▸ WHAT IS NEEDED:
Quote the listing below in full and exactly as written, but omit every picture.

▸ SOURCE DATA:
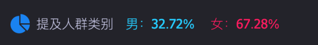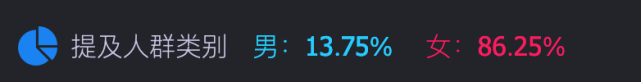 根据时趣洞察引擎数据显示,在关注儿儿的人群中,女性用户占比将近90%。要知道,儿儿是一只粉色狐狸,之前曾有一句大众耳熟能详的俗语就是“没有哪一个女生会拒绝粉色”,另外,粉色往往也是少女心的代表。
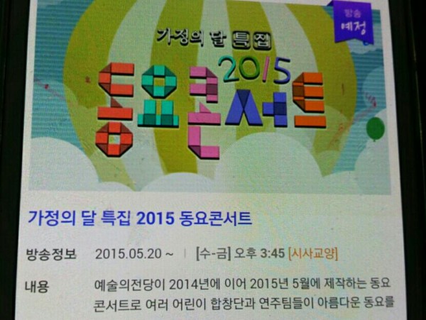 예술의 전당 "2015 동요콘서트" 방송안내
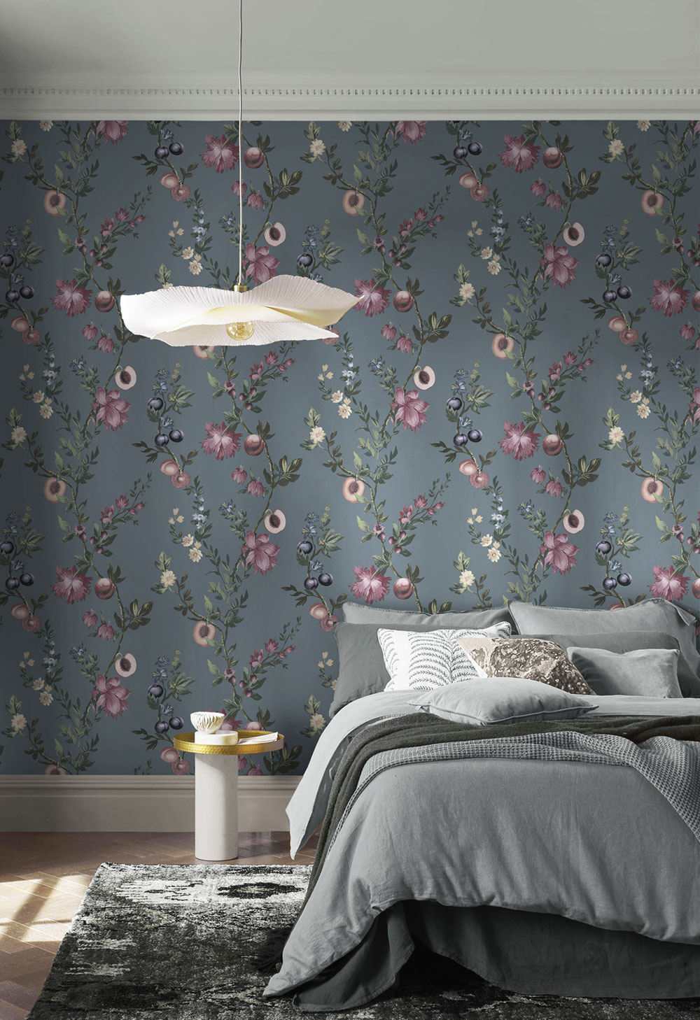 Najdete zde výrazné květinové motivy od drobných kvítků na tmavém podkladu, které působí odvážně, elegantně a trochu podmanivě, až po jemnější varianty na světlém pozadí. Krásným prvkem jsou větve broskvoní a dalších ovocných stromů plné květů i plodů, které dodávají tapetám přirozenost, svěžest a romantickou atmosféru.
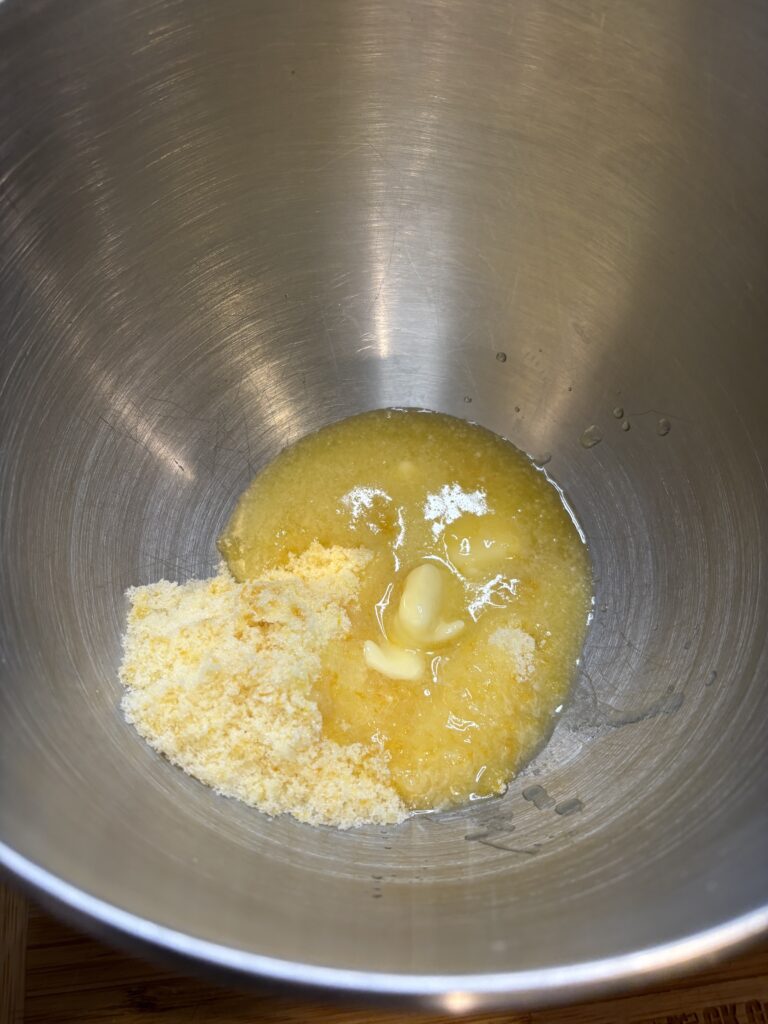 - Add the butter and orange zest/sugar mixture to the bowl of a stand mixer fitted with a paddle attachment. You can mix this cake by hand if necessary.

▸ RESULT FOR THIS TASK:
 根据时趣洞察引擎数据显示,在关注儿儿的人群中,女性用户占比将近90%。要知道,儿儿是一只粉色狐狸,之前曾有一句大众耳熟能详的俗语就是“没有哪一个女生会拒绝粉色”,另外,粉色往往也是少女心的代表。
 예술의 전당 "2015 동요콘서트" 방송안내
 Najdete zde výrazné květinové motivy od drobných kvítků na tmavém podkladu, které působí odvážně, elegantně a trochu podmanivě, až po jemnější varianty na světlém pozadí. Krásným prvkem jsou větve broskvoní a dalších ovocných stromů plné květů i plodů, které dodávají tapetám přirozenost, svěžest a romantickou atmosféru.
 - Add the butter and orange zest/sugar mixture to the bowl of a stand mixer fitted with a paddle attachment. You can mix this cake by hand if necessary.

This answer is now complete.